How buying socks taught me to be selfless.

How buying socks taught me to be selfless.

On a whim in January, I decided to give up shopping for a year.

Yes. SHOPPING. This means I can’t buy any clothing that I don’t need. Surprisingly, its been going pretty well for the last few months. But I got to the point where I needed more socks. After debating with myself on how big of a hole my socks could handle before justifying ‘needing’ new ones, I finally decided to go buy some. So on a rainy Thursday after work, I stepped into the ghetto Target. For those of you who live near the Uptown/Village/Knox/Henderson area, you know which Target I am talking about. So any who, I’m in Target trying to find the cheapest socks, a much needed sports bra, and a purse (which I convinced myself wasn’t considered ‘clothing’),  and I start to struggle with a severe case of early onset shopper’s remorse.

“Do I need any of this stuff?”

“Am I breaking my shopping rules?”

“I’m a terrible person with no self-control!” (dramatic, I know…)

So I finally bite the bullet and decide to get everything in my basket. I’m waiting in line and this seemingly sweet older black gentleman is in front of me with a bottle of V8 Splash on the conveyor belt thingy. “Mmmm… V8…”,  I think to myself.  Then I notice that something is wrong and all of the sudden the man takes back his money, leaves the V8, and heads to the door. He is met by two security guards and I watch in horror as they empty out his pockets. After taking 5 items off of him, he leaves.

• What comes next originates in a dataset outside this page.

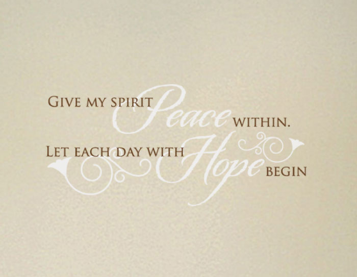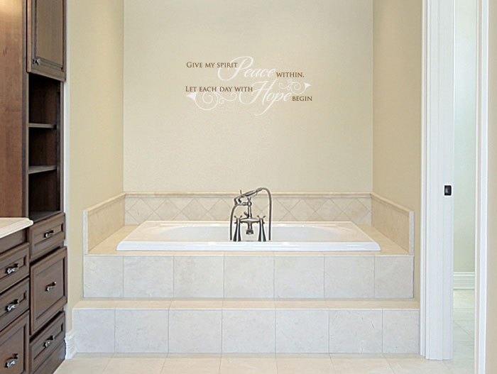 ‘Give my spirit peace within. Let each day with hope begin’ wall letters are just right for this elegant bathroom! They found a home on the wall space above the bathtub. The two colored wall words are the focal point and tie in with the decor in this room. The mirror, glass shower, recessed lights and bathroom cabinets are not only practical items but are also amazing accents! This is the perfect spot to catch up on ‘me’ time!
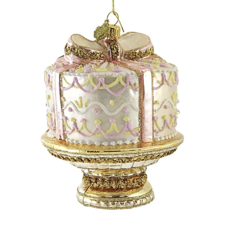 Huras, Wedding Cake, Glass Ornament, Immerse Yourself In A Truly Magical Sensation Of Holiday Magic With This Luxurious, Beautifully Designed Ornament From Poland. Decorate Or Gift Give This Holiday Season With Wedding Cake. A Single Tiered Wedding Cake With Ivory Icing With White, Yellow And Pick Decorative Detailing. A Glass Fondant Glossy Pink Bow With Gold Glitter Applique Wrap This Beautifully Detailed Wedding Cake. Pastry Bakery Marriage, S777

I’m totally horrified at this point. Not because I witnessed an attempted theft, but horrified by the fact that all the items he was attempting to steal were essentials: deodorant, tooth brush, etc. The scene replays in my mind as the cashier rings up the purse, socks, and sports bra, pushing the V8 aside.

I walked out of Target with a sense of guilt in my stomach. How sad is it that I’m debating with myself over silly shopping ‘rules’ when they are people living in OUR CITY without the means to buy the bare essentials? This really spurred me on in my quest to spend less money on ME and spend more of my time and money on others. Too often, I have the opportunity to buy someone lunch or pay for someone’s groceries ahead of me in line and I don’t because I am worried I won’t have enough money for ME. So instead of sharing God’s blessings with others, I hoard them for myself and often don’t even use them. They just sit in a bank account and create a false sense of security.

So my new goal for the year: I will still continue to not buy clothing I don’t need but I also want to start using the money I have to love others. Not in the check-writing sense, but in the relational sense. So bring it on 2014.